- [TO DO]
The word "with" marks the lines to report; pull each of them from the listing.

- [GIVEN DATA]

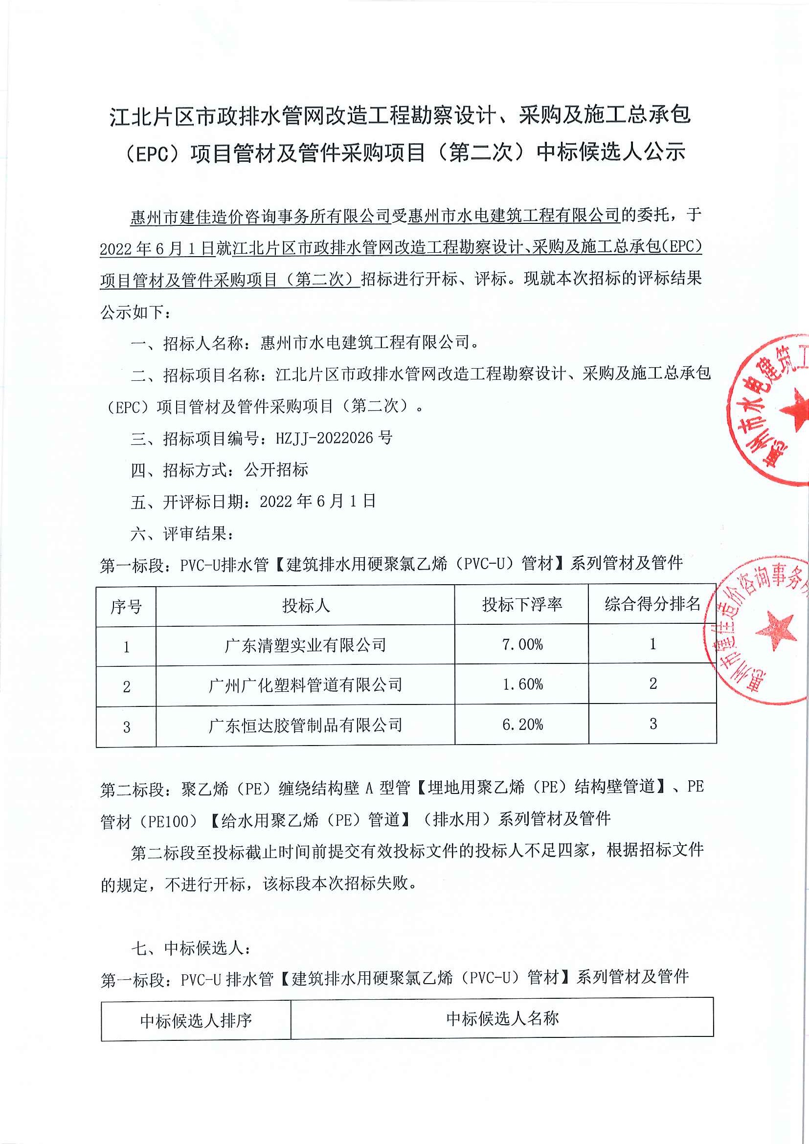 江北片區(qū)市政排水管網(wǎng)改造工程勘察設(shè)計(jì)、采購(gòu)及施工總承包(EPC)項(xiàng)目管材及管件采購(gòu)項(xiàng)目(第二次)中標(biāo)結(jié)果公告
* * *
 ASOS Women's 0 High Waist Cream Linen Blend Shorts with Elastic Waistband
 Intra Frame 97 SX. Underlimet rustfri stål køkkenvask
---
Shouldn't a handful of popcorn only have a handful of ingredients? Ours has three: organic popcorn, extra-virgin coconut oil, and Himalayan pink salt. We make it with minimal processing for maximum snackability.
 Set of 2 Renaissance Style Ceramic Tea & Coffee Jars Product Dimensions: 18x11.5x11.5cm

- [YOUR SOLUTION]
 ASOS Women's 0 High Waist Cream Linen Blend Shorts with Elastic Waistband
Shouldn't a handful of popcorn only have a handful of ingredients? Ours has three: organic popcorn, extra-virgin coconut oil, and Himalayan pink salt. We make it with minimal processing for maximum snackability.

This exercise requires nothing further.